Même si l’option que d’autres pays prennent une voie similaire à celle des Etats-Unis ne peut être totalement exclue, le risque reste actuellement limité pour deux raisons :

  • Les réactions directes de l’Europe et surtout de la Chine qui se positionnent comme les deux moteurs de l’implémentation de l’accord de Paris
  • La sortie effective de l’accord qui risque de prendre plusieurs années

Le réchauffement climatique a également d’importantes conséquences humanitaires pour les États-Unis. Voici quelques années, le Pentagone avait déclaré que le changement climatique constituait un danger pour la sécurité nationale. Une grande partie des Américains vivent près des côtes, et un déplacement de population massif vers l’intérieur des terres à la suite d’une élévation du niveau des mers et des océans aurait des répercussions énormes sur l’économie et les structures sociales.

La dénonciation de l’accord climatique n’est sûrement pas une bonne chose, mais la réalité est heureusement plus encourageante que ne le laissent présager les rodomontades du président Trump. La plupart des états américains ne le suivent pas dans leur réglementation, et la realpolitik domine aussi dans le monde des entreprises. Il n’y a guère de nouveaux investissements à long terme dans les carburants fossiles. Les entreprises ont conscience que les futurs présidents pourront aisément annuler les décisions de Donald Trump, et les banques seront plus réticentes à financer de tels investissements.

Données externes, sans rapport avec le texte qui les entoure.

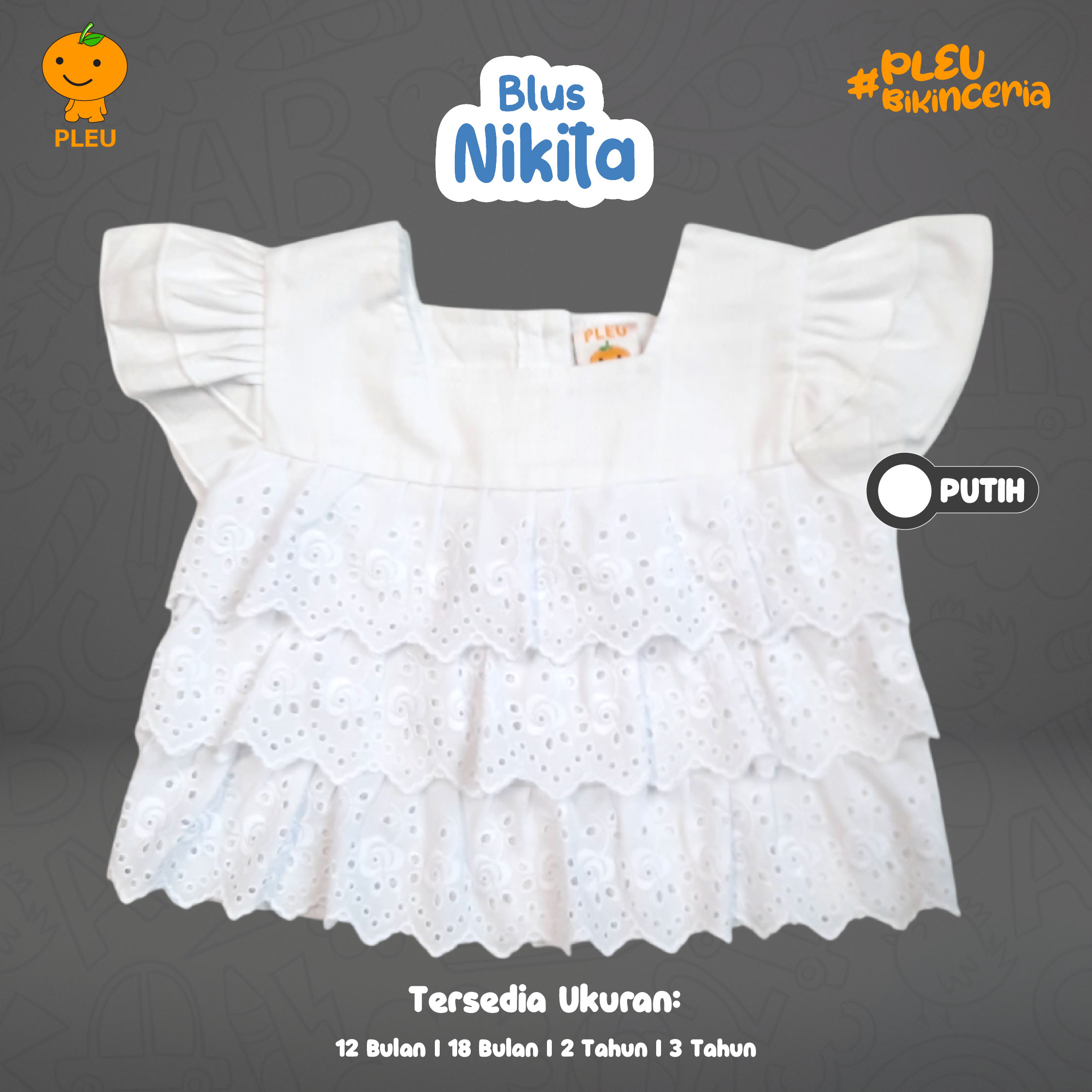 Blus Nikita hadir dalam warna Putih bersih, cocok untuk ukuran 12 bulan hingga 3 tahun. Desainnya manis dan praktis dengan kerah sederhana, lengan pendek puff yang lembut, serta detail renda halus di bagian dada yang memberi sentuhan girly tanpa ribet. Keunikan utama adalah detail broderie anglais pada bagian bawah bibir blus yang memberi tekstur lembut, dipadukan dengan bahan katun berkualitas yang lembut di kulit, adem dipakai sepanjang hari, dan mudah dirawat. Semua bahan telah bersertifikat SNI, menjamin keamanan kain, kekuatan jahitan, serta kenyamanan maksimal untuk aktivitas bermain dan momen keluarga.

Si les États-Unis réduisent leurs efforts, d’autres pays ont décidé de changer de braquet. La Chine a ainsi inclus dans son dernier plan quinquennal l’ambition de devenir le leader mondial dans l’innovation en matière d’environnement d’ici à 2020. Le pays compte également ravir aux États-Unis son leadership en matière d’énergie renouvelable.

Révolution industrielle

Le chantier de la transition énergétique, certes d’envergure considérable, n’en est pas moins crucial pour limiter le réchauffement de la terre. Depuis quelques années, nous vivons une révolution industrielle. Et celle-ci impose de porter un regard tout à fait neuf sur les secteurs et d’opter pour les entreprises qui travaillent à des solutions aux défis à venir. Au-delà de l’empreinte carbone des portefeuilles et de la multitude de rapports sur la durabilité, les investisseurs doivent rester pragmatiques dans l’évaluation des risques et des opportunités. Quelles seront, par exemple, les conséquences de l’introduction d’un prix fixe du carbone sur la compétitivité d’une entreprise? Quels sont les risques des stranded assets ou « actifs échoués », c’est-à-dire des réserves de pétrole et de gaz qui, en raison des mesures climatiques, ne pourront plus jamais être exploitées de manière rentable? Ceci ne concerne d’ailleurs pas uniquement les entreprises. Quelques-unes des plus grandes compagnies pétrolières mais aussi de réserves de gaz et pétrole sont entre les mains d’États, pensez au Venezuela et à l’Arabie saoudite.

Chaîne de production

La transition vers une économie durable est un travail titanesque qui crée énormément d’emplois dans le monde. Elle nécessite d’immenses investissements et financements d’infrastructure. Les investisseurs dans l’énergie alternative, qu’il s’agisse d’infrastructures ou de nouveaux produits et services, tout à la fois contribuent à ce bouleversement indispensable et profitent de son potentiel.